4. An expression recognition method, comprising:

determining a target image;

inputting the target image into an expression recognition model trained by the method of any one of claims 1 to 3 for analysis to determine a target expression corresponding to the target image, comprising: correcting a face image in the target image to obtain a target corrected image; calculating the target correction image to obtain a facial expression feature map; converting the facial expression feature map into a facial expression abstract feature map; determining the target expression corresponding to the target image based on the facial expression abstract feature map;

and outputting the target expression.

5. The method of claim 4, wherein determining the target expression corresponding to the target image based on the facial expression abstract feature map comprises:

performing linear correction on the facial expression abstract feature map to obtain probability values of at least two expressions;

and determining the expression with the maximum probability value as the target expression corresponding to the target image.

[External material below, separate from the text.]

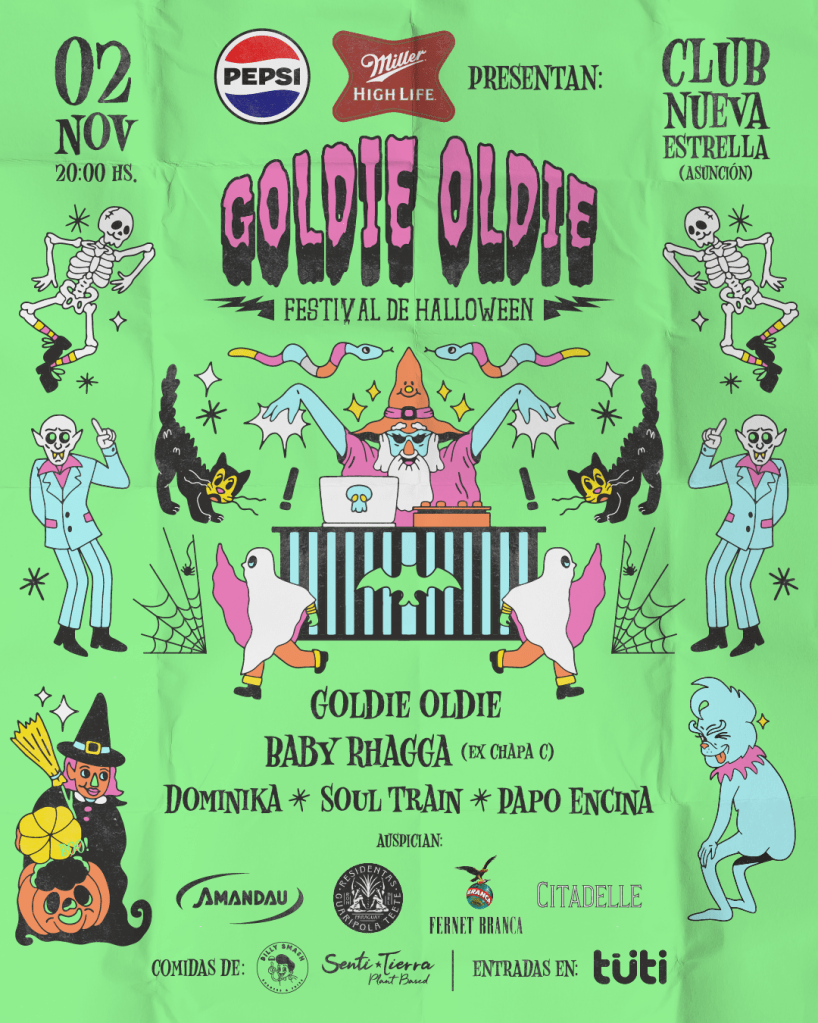 El sábado 2 de noviembre en el Club Nueva Estrella se celebrará una fiesta que ya se volvió una tradición entre el público joven de Asunción y alrededores, la fiesta retro de Halloween organizada por la Goldie Oldie que este año se agranda en forma de festival con un lineup que ofrece lo mejor de la música retro y el retrotón.

6. An apparatus for obtaining an expression recognition model, comprising:

the system comprises an acquisition module, a processing module and a processing module, wherein the acquisition module is used for acquiring a plurality of groups of first training data, and each group of data in the plurality of groups of first training data comprises: an image, a face corresponding to the image, and an expression corresponding to the face;

the construction module is used for training the face recognition initial model through deep learning by using the images included in the plurality of groups of first training data and the faces corresponding to the images so as to obtain a face recognition model; removing a first module which is included in the face recognition model and is positioned behind the first full-connection layer and used for calculating an ArcFace Loss function and a second module which is used for inputting face recognition results; sequentially adding a full-connection layer module for carrying out linear correction on the face abstract features and a third module for outputting expression recognition results after the first full-connection layer to obtain an expression recognition initial model;

the training module is used for training the expression recognition initial model through deep learning by using the plurality of groups of facial expression training data so as to obtain an expression recognition model;

the device is further used for acquiring a plurality of groups of facial expression training data corresponding to the plurality of groups of first training data, wherein the plurality of groups of first training data respectively correspond to a group of facial expression training data, the group of facial expression training data is used for indicating different expressions in N corresponding to faces in each group of first training data, and the N is an integer larger than 1.

7. An expression recognition apparatus, characterized by comprising:

the first determining module is used for determining a target image;

a second determining module, configured to input the target image into an expression recognition model trained by the method of any one of claims 1 to 3 for analysis to determine a target expression corresponding to the target image, where the second determining module includes: correcting a face image in the target image to obtain a target corrected image; calculating the target correction image to obtain a facial expression feature map; converting the facial expression feature map into a facial expression abstract feature map; determining the target expression corresponding to the target image based on the facial expression abstract feature map;

and the output module is used for outputting the target expression.

8. A computer readable storage medium, characterized in that the computer readable storage medium has stored therein a computer program, wherein the computer program is arranged to perform the method of any of the claims 1 to 3 or the method of any of the claims 4-5 when run.

9. An electronic device comprising a memory and a processor, characterized in that the memory has stored therein a computer program, the processor being arranged to run the computer program to perform the method of any of the claims 1 to 3 or to perform the method of any of the claims 4-5.